Time for mental health court

Law enforcement officers and mental health workers in Carson City don't necessarily need more options for helping people with mental illness, but they need a way to pull their resources together.

That's why the idea of a mental health court has merit.

A judge would have authority to seek help immediately for someone who needs treatment more than they need to be in jail. A crucial factor in a mental health court would be the ability to monitor people who are repeat offenders without bouncing them back and forth between the judicial system and mental-health agencies.

"We don't always meet the needs of these people, " District Attorney Noel Waters said, in the Nevada Appeal's series this week on mental health. "Unless you address their mental health problems, you're not going to have a great deal of success addressing their social issues."

Nevada needs to take a more active role in solving such problems, and Carson City could provide an example.

With its unenviable reputation as a high-risk state for suicides and drug addiction, Nevada can't ignore the forces that drive people to such self-destructive acts.

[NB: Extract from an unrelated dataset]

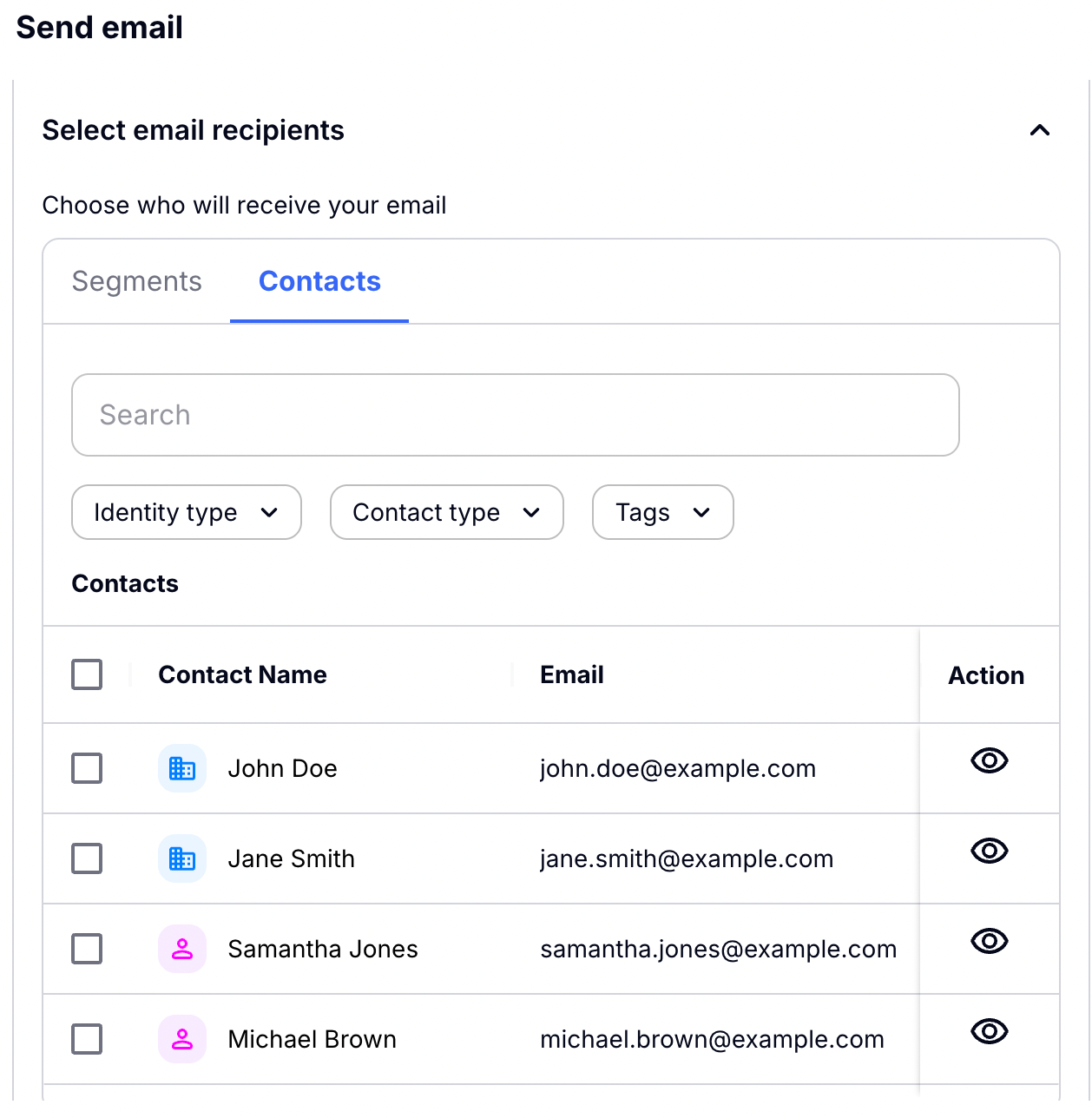 Or you can choose to individually choose which of your contacts to send the email to. Just check the box for which contacts you would like to send to.
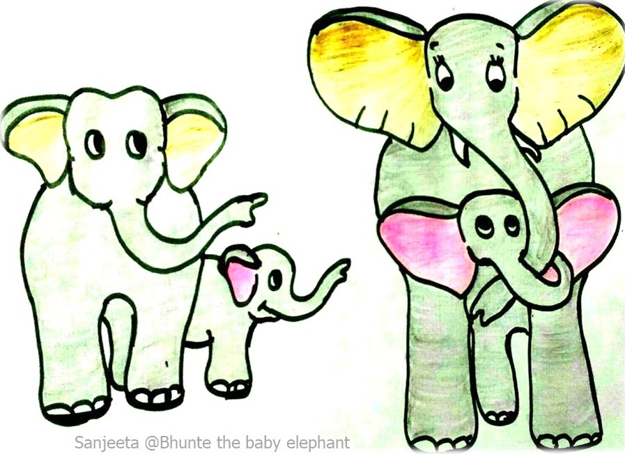 Bhunte’s mom told Bhunte about her cousin sister in Africa. Bhunte did not know that his aunt was taller than his mom, and had a pair of tusks, her head was a single dome with bigger flapping ears and her trunk had two tips. Her back was slightly dipped than Bhunte’s mother who had an arched backbone. He was also overwhelmed to know about Baako, his aunt’s son. Bhunte had five toes in his forelegs and four in his hind legs. And Baako had four toes in his forelegs and three in his hind legs. Bhunte’s ears did not cover the shoulder, while Baako’s big ears touched his shoulder! Bhunte was glad to know how different Bhunte was from Baako. He asked his mom if he could go and meet him. His mom laughed and said, “Bhunte, she lives far from here, and we shouldn’t cross those firing wires…”. His mom pushed him in. But, Bhunte was still thinking about meeting Baako.

Locking them up isn't the answer. Tough drug laws deter some recreational users, but clearly many more people need treatment and rehabilitation.

Often the problems of mental illness, drug abuse and crime overlap. A combination mental health and drug court seems to be a logical step, because the goal is the same: prevent repeat offenses.

None of this is to say the courts are looking for a way to coddle criminals. Deputies, prosecutors and judges can see the difference between people who need to be punished and those who need help.

Their frustration comes with the people who need help, but keep showing up in jails and courts because there is no better way to handle them.

Members of the Carson City Mental Health Coalition have a great deal of work ahead of them in trying to establish a mental health court, as well as coordinate their various programs and draw more attention to mental-health issues in the Legislature.

We support their work and encourage their efforts. More people than we might imagine are depending on them.